__Task objective__:
Output the complete listing exactly, please, and keep the pictures out of it.

__Data section__:
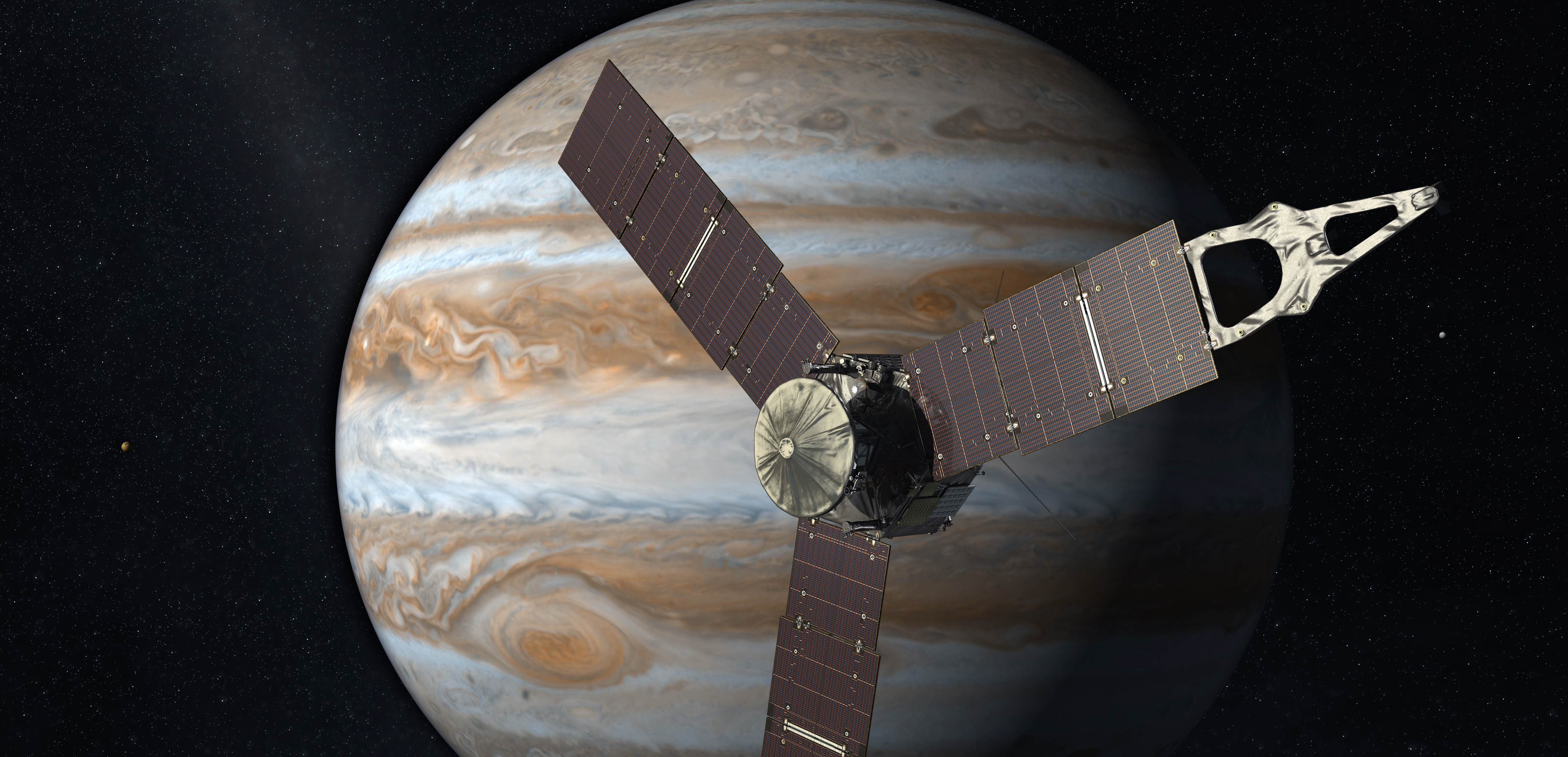 Computerskizze der Raumsonde Juno: Die Sonde startete im August 2011 zum Jupiter. Nach etwa 2,8 Milliarden Kilometern Flugstrecke erreichte die Sonde den Gasriesen im Jahr 2016.
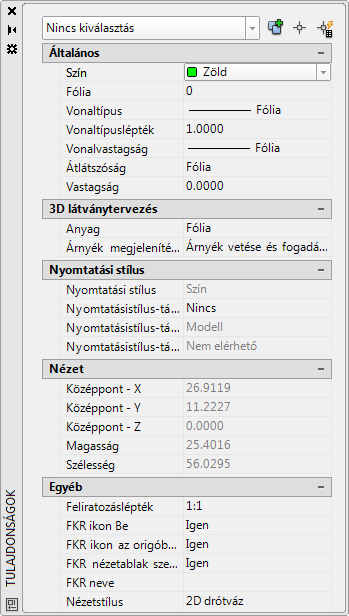 Ha nincs objektum kijelölve, akkor a fent kiemelt legördülő listák a rajz aktuális beállításait jelenítik meg. Ha kijelöl egy objektumot, akkor a legördülő listák annak az objektumnak a tulajdonságbeállításait fogják megjeleníteni.
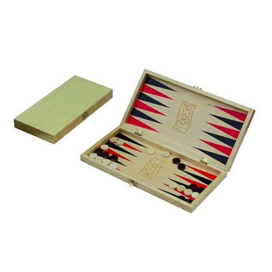 Featured is a backgammon set with a wooden case in a polished finish. The compact size allows it to be easily carried when you are traveling. The board game set is available in different sizes for your options.

__Answer box__:
 Computerskizze der Raumsonde Juno: Die Sonde startete im August 2011 zum Jupiter. Nach etwa 2,8 Milliarden Kilometern Flugstrecke erreichte die Sonde den Gasriesen im Jahr 2016.
 Ha nincs objektum kijelölve, akkor a fent kiemelt legördülő listák a rajz aktuális beállításait jelenítik meg. Ha kijelöl egy objektumot, akkor a legördülő listák annak az objektumnak a tulajdonságbeállításait fogják megjeleníteni.
 Featured is a backgammon set with a wooden case in a polished finish. The compact size allows it to be easily carried when you are traveling. The board game set is available in different sizes for your options.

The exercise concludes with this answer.